Темница эта была очень древняя. Настоящий каземат. Ведь он, наверное, помнил и стрелецких старшин, и сановных раскольников, и даже Малюту Скуратова. Камеры были крошечные — пять с половиной шагов, в углу нары, лежащие прямо на полу, чтобы заключённый не помер зимой от холода, и поганое ведро рядом с дверью. Кутасов часами лежал навзничь на нарах и глядел, как падают с потолка капельки воды. После побоев всё тело отчаянно болело, а от холода немели члены, он уже не чувствовал ни рук ни ног. За всё это время его совсем не кормили, лишь раз в сутки, как думал комбриг, мрачный человек выносил ведро и ставил пустое.

Лишь однажды заглянул в его камеру Голов.

— Привет, иуда, — усмехнулся Кутасов. — Не получил своих серебряников?

— Орловы со дня на день вступят в Москву, — ответил Голов. — Мясников уже выслал к ним гонцов с вестью о полной покорности.

— На что может рассчитывать этот лейб-казак? — удивился Кутасов. — Ему же Сибирь в самом лучшем случае грозит? Бессрочная каторга.

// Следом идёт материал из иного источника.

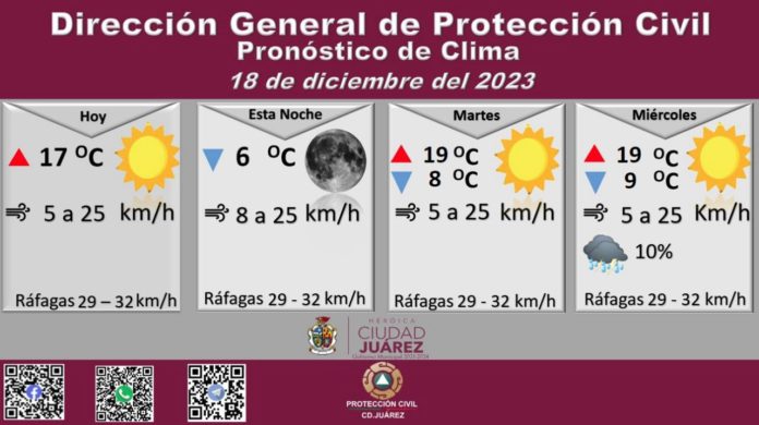 Roberto Briones Mota, titular de la dependencia, informó que para hoy se esperan fuertes ráfagas de viento que alcanzarán los 32 kilómetros por hora, en tanto que la velocidad del viento durante el día oscilará entre 5 y 25 kilómetros por hora.
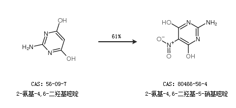 1.通过2-氨基-4,6-二羟基嘧啶合成2-氨基-4,6-二羟基-5-硝基嘧啶,收率约61%;
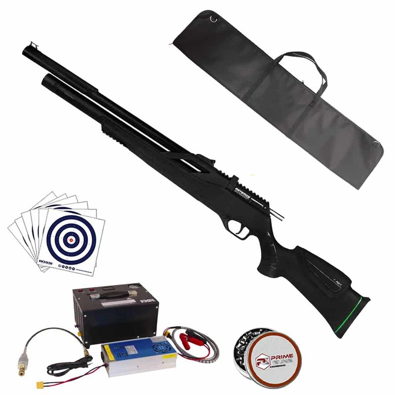 A Carabina PCP Artemis T-REX 4,5mm .177 Polímero + Compressor dispara no modo Repetição (Ferrolho) com velocidade de 1050fps - 320m/s e energia de 35 Joules Ver mais
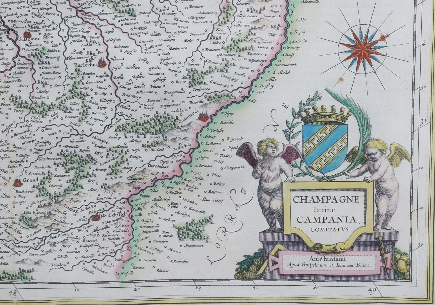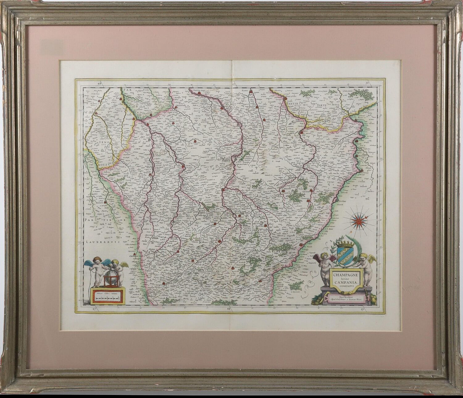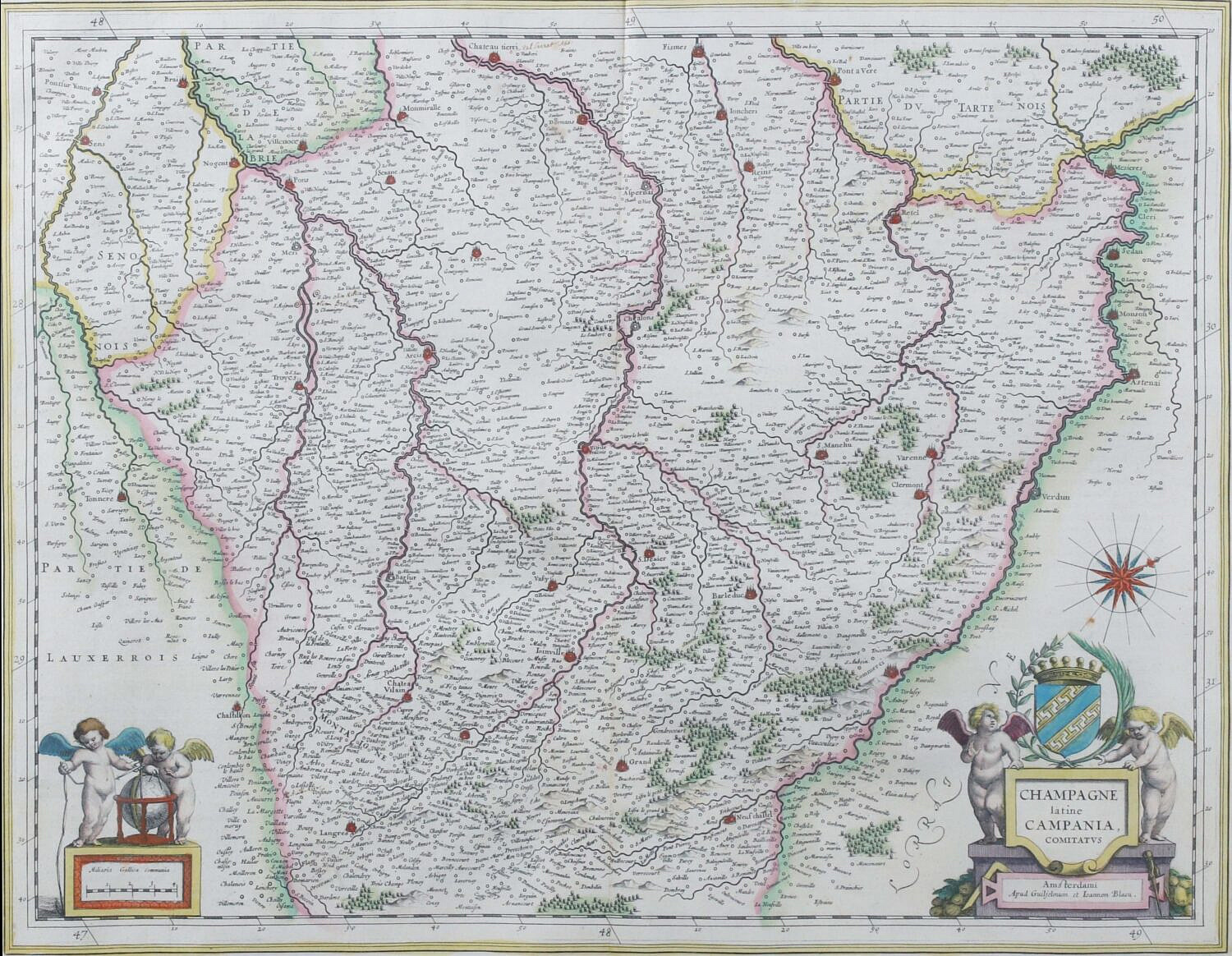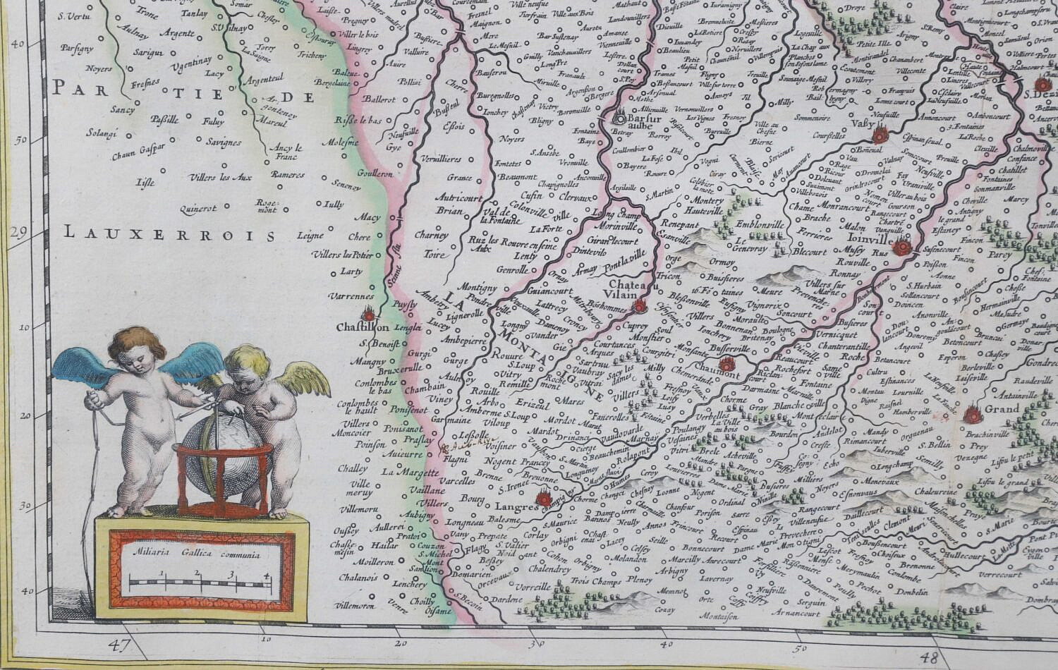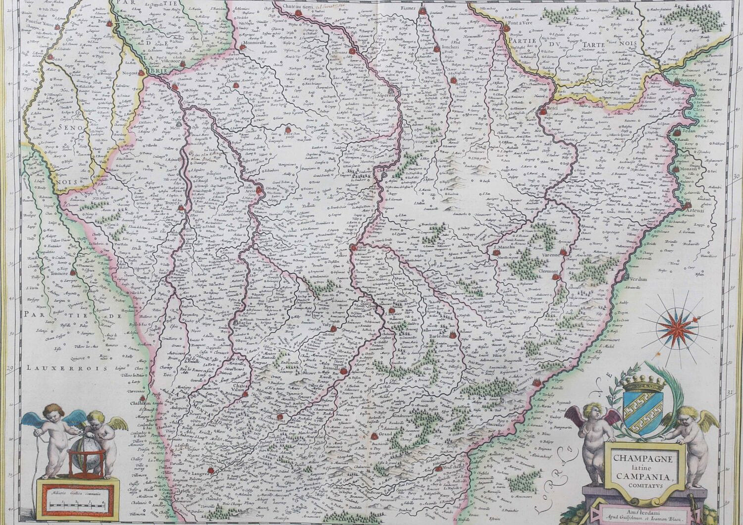 Hand Colored Copper Plate Engraving Map “Champagne latine Campania Comitatvs” circa 1645
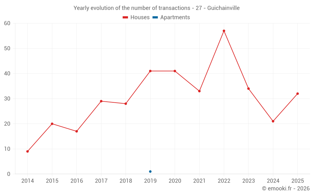 The median price on the 21 house transactions of the last 6 months in the municipality of Guichainville was 2 013 € per square meter for a median property value of 210 400 €. Over this period, 60% of transactions were between 1 737 and 2 499 € per square meter (from the 2nd to the 8th deciles).
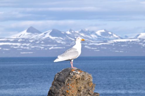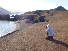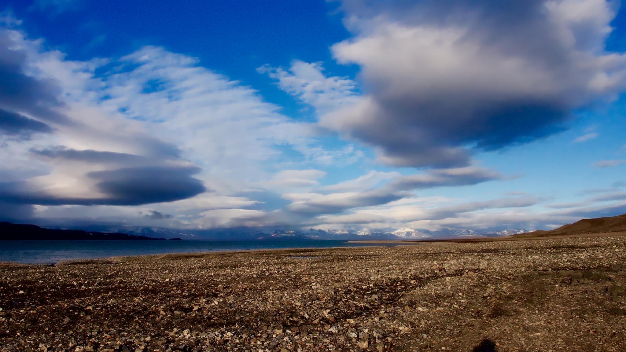 Une mer d’huile, un grand soleil, les petits goélands qui sortent de leur nid, cette journée est magnifique. Nous débarquons sur une plage de galets pour manger et enchaînons sur une balade le long de la crêtes où nous apercevons notre camp du soir et quelques bélugas remonter le fjord.
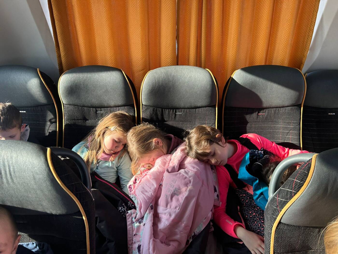 Čerstvý vzduch, pohyb a radost ze sněhu udělaly své – ještě před odjezdem autobusem některé děti únavou spokojeně usnuly. Za námi je další krásný den plný zážitků.
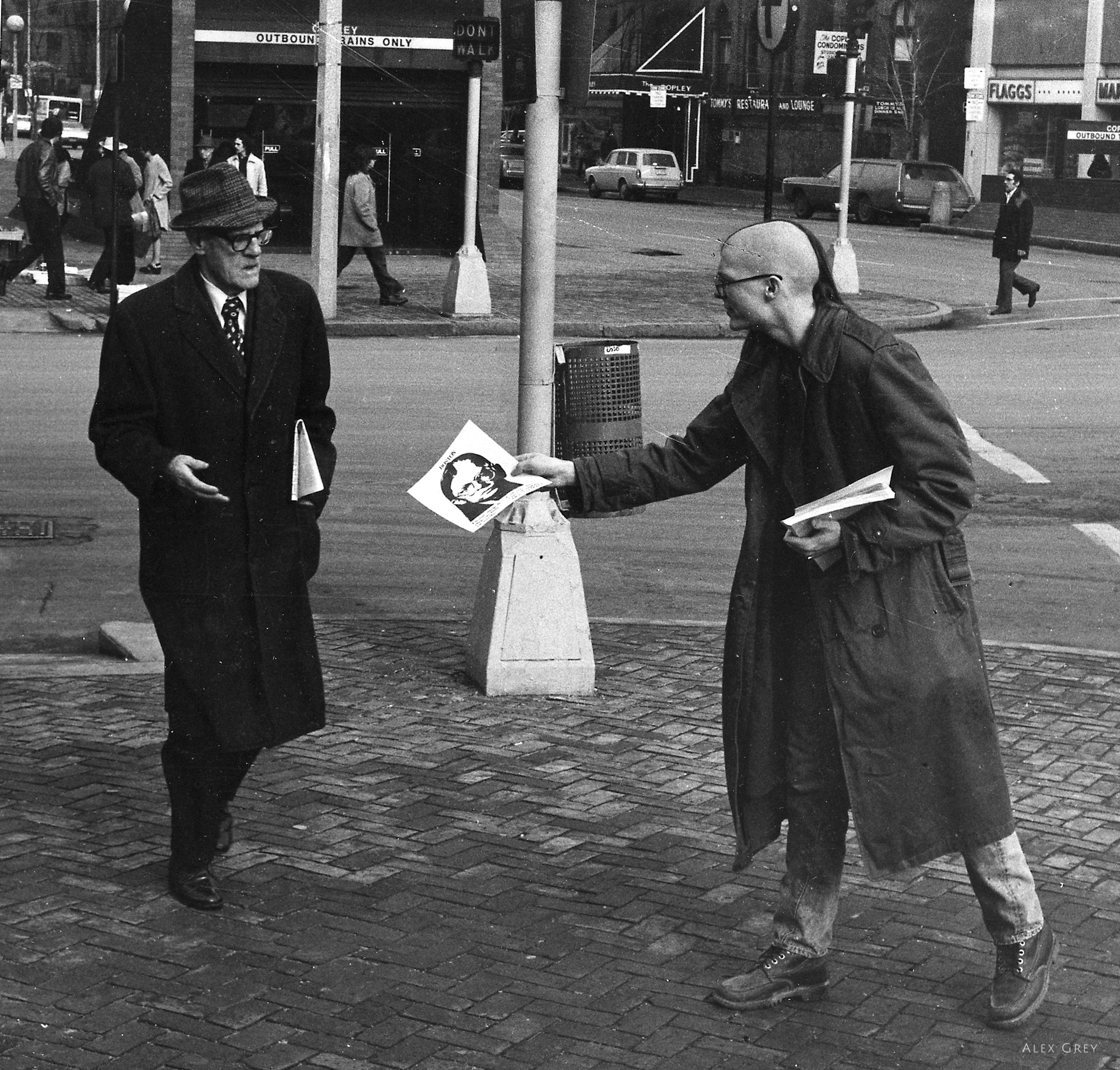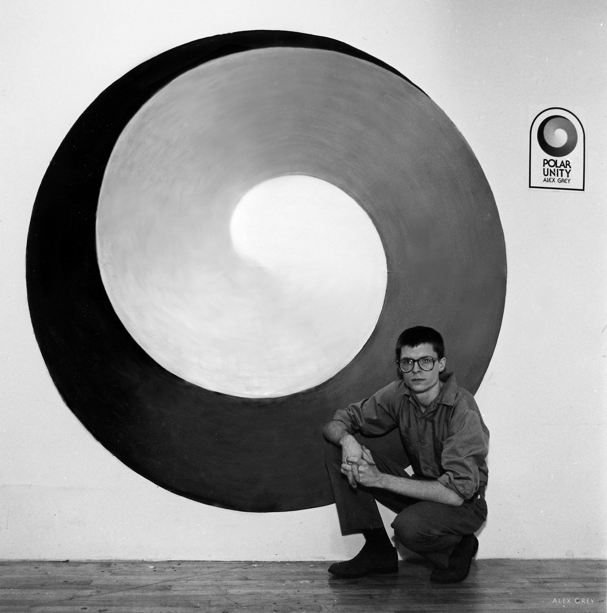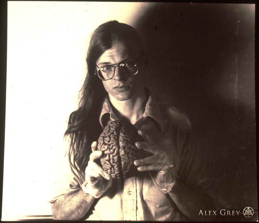 The first was a photo mural of my face, behind which was a praying skeleton with a propane torch coming out of its third eye. I lit the torch and it burned through the third eye of the photo mural.

— Хоть на каторге, да живой, — заметил Голов, — я на это давил, когда уговаривал его перейти на свою сторону. А то ведь лейб-казаки преданы лично ему, тут бы без большой крови не обошлось. Этого мне не надо. Всё должно было пройти тихо и чинно, как и вышло. Красиво, ведь вышло, согласитесь, товарищ комбриг?

— Ты достойный ученик сукина сына Сластина, — ответил Кутасов. — Я ведь тебя из дерьма поднял, человеком сделал, от петли спас. И это вот твоя благодарность? — Он слабой рукой обвёл стенки своей камеры.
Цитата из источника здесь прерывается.